Top of The records

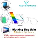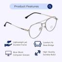 These latest Topbar Aviator frame blue light blocking glasses provide a stylish way to reduce eye strain from screens. The lenses effectively filter out harmful high-energy visible (HEV) blue light emitted from digital devices, allowing you to work or relax comfortably for extended periods without squinting or fatigue. The lightweight frames feel comfortable for all-day wear, keeping eyes protected whether browsing on your phone, working at a computer, or binge-watching your favorite shows. Anti-scratch and anti-reflective lenses offer clear vision. Subtle yet sophisticated in silver, these glasses make reducing digital eye strain as easy as putting them on. You can easily replace lenses to any power glasses from your local optician.
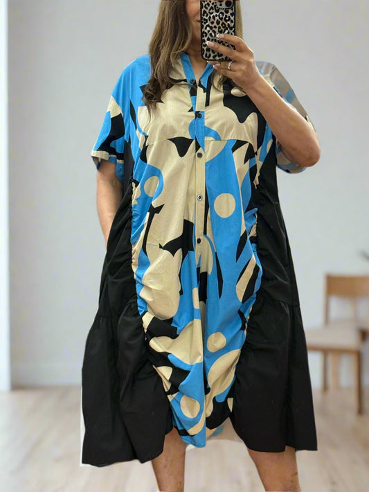 FREYA-FLYOUT PATT SHIRT DRESS --#LAST 1 LEFT
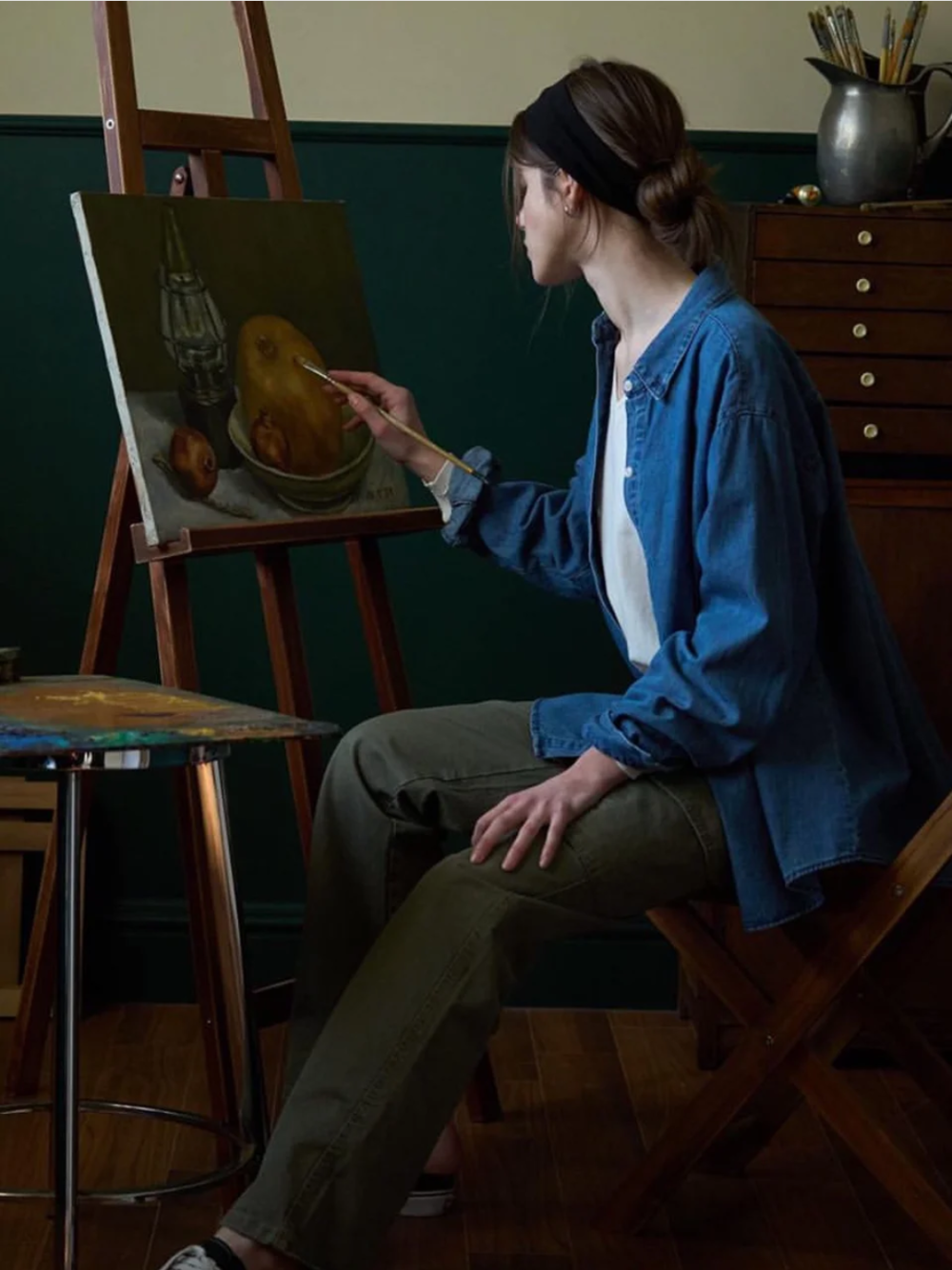 像这种基础衬衫的版型,本来修饰身材、体态的效果就不错,牛仔衬衫的面料会更加厚实挺括,对于肉肉身材、驼背星人都很友好。▼
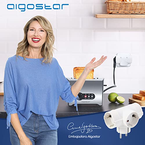 Aigostar Adattatore con 3 Presa Shuko,Presa Multipla con Protezione Bambini,Adattatore Schuko 2P+T 16 A Combinata Standard Tedesco e Francese,Bianco
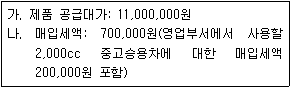 다음 자료를 토대로 제조업을 영위하는 일반과세자 (주)한공의 2020년 제1기 부가가치세 예정신고 시 부가가치세 납부세액을 계산하면 얼마인가? 단, 세금계산서는 적법하게 수수하였고 주어진 자료 외에는 고려하지 않는다.
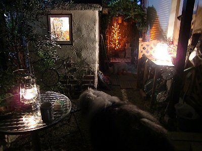 猫の額;な狭~いマイガーデン;ですが、ランタンに灯をともしたら「七難隠して」いい感じでした(*^^)v

Bottom of The records

Work item:
The lines from the one containing "Aigostar Adattatore con" through the last line above are to be repeated exactly, and only those. Any pictures must be left out.

Solved exercise:
 Aigostar Adattatore con 3 Presa Shuko,Presa Multipla con Protezione Bambini,Adattatore Schuko 2P+T 16 A Combinata Standard Tedesco e Francese,Bianco
 다음 자료를 토대로 제조업을 영위하는 일반과세자 (주)한공의 2020년 제1기 부가가치세 예정신고 시 부가가치세 납부세액을 계산하면 얼마인가? 단, 세금계산서는 적법하게 수수하였고 주어진 자료 외에는 고려하지 않는다.
 猫の額;な狭~いマイガーデン;ですが、ランタンに灯をともしたら「七難隠して」いい感じでした(*^^)v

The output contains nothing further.